In 1184, part of his lands was enfeoffed to Philip de Braose, Lord Deputy of Ireland. Supported by Robert Fitz-Stephen and Miles de Cogan, the Lord Deputy set out to take possession of Limerick, but on approaching the city, turned back in a panic. In 1185 when Prince John of England intervened in Ireland, Domnall Mór demolished the Normans again when John was plundering along the valley of the River Suir. The same year he also blinded the last Dermot brother. In 1188, he helped the men of Connacht under Conchobar Maenmaige Ua Conchobhair to overcome Jean de Courcy in the Curlew Mountains. In 1193, the Normans devastated Clare in reprisal and plundered Domnall's possessions in Ossory.

He established Holy Cross Abbey in 1180 and Kilcooly Abbey in 1184, both under the Cistercian order.
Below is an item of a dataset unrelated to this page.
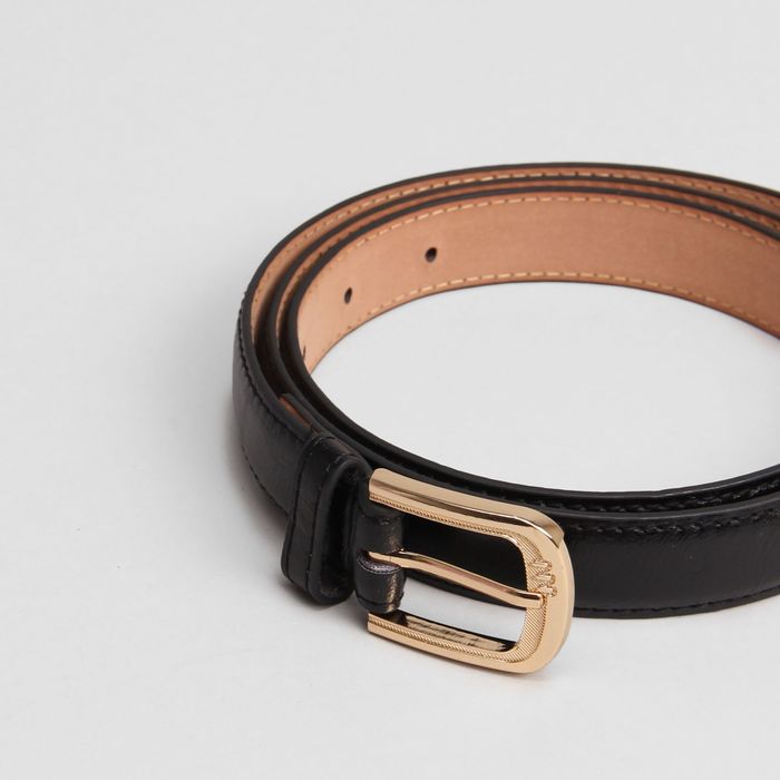 Ремень женский "Глянец", гладкий, 2 строчки, пряжка под золото, цвет чёрный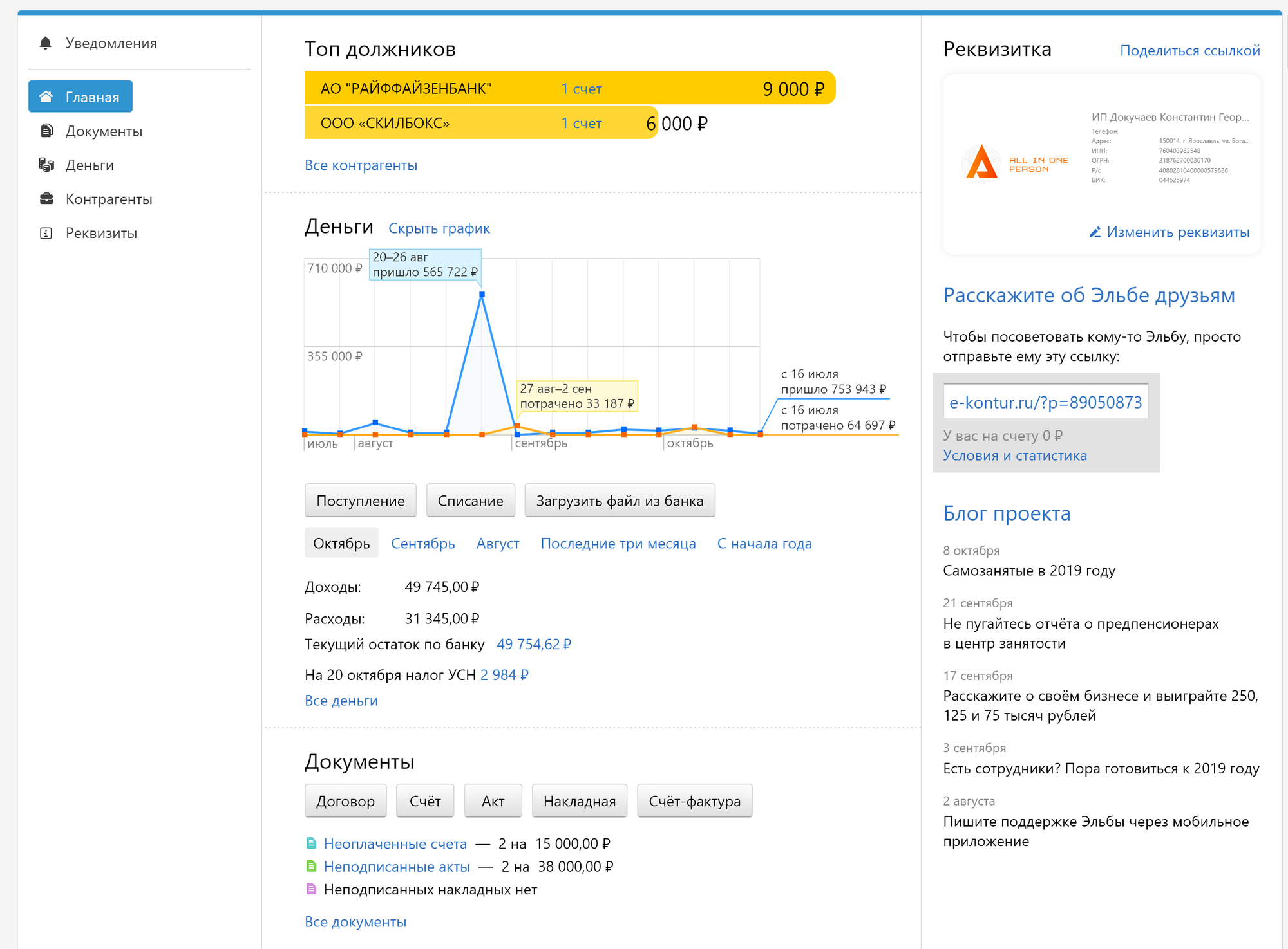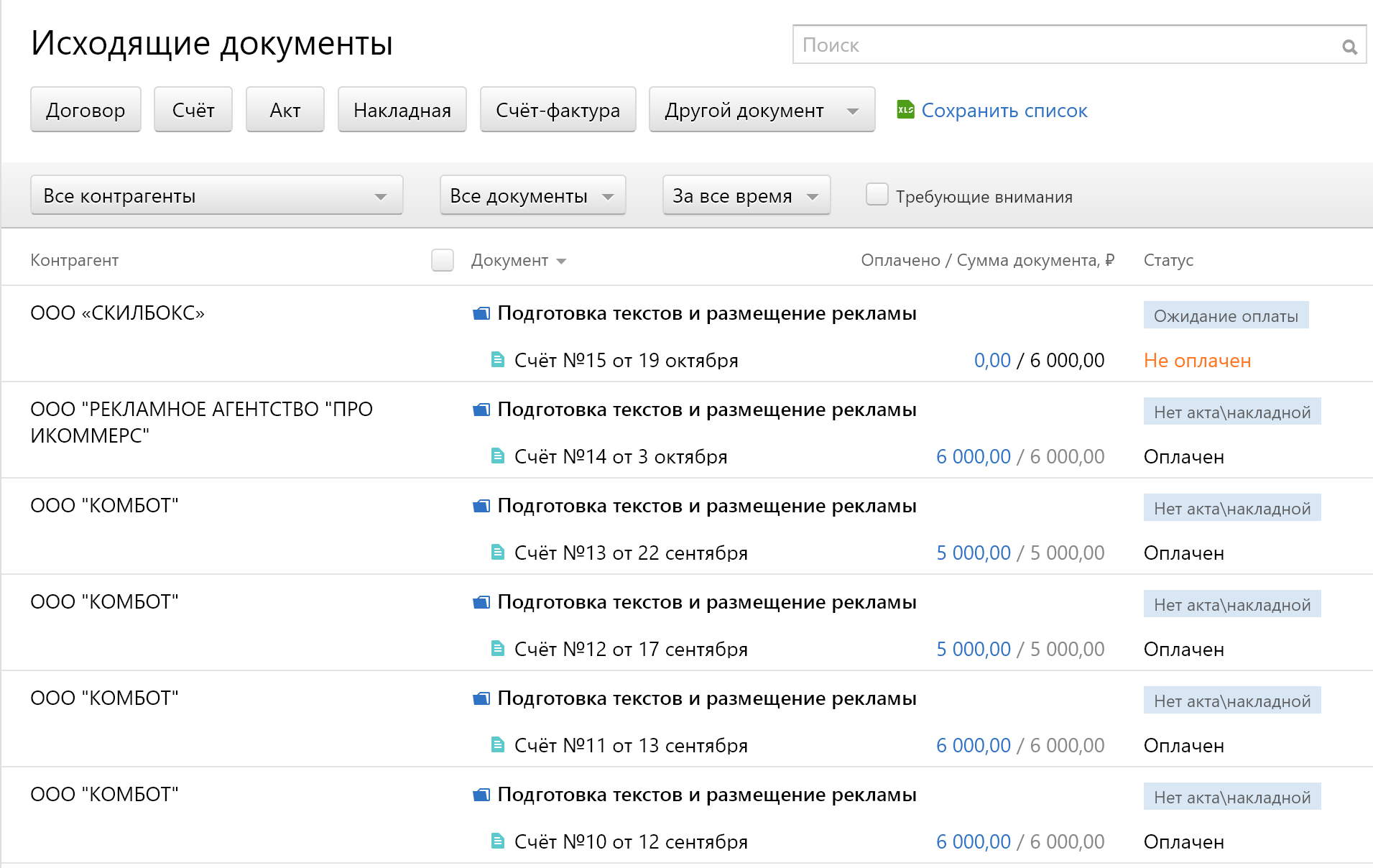 В целом для корректного завершения сделки может ещё понадобиться акт выполненных работ и договор. Все эти документы я делаю в «Контур.Эльба», там же их отслеживаю и храню.

According to the Annals of Ulster, he was the last king of Munster, dying in 1194. It is believed that he is buried within Saint Mary's Cathedral, Limerick, a church he first organised. An ancient stone coffin lid, purportedly that of King Domnall, lies in the Chancel near the high altar.

==Family==
Domnall Mór married Orlacan, daughter of Diarmait Mac Murchada and Sadb Ní Faeláin. He left three sons and one daughter. His sons fought amongst themselves and with their cousin Muichertach, son of Brian of Slieve Bloom, for the succession in Thomond.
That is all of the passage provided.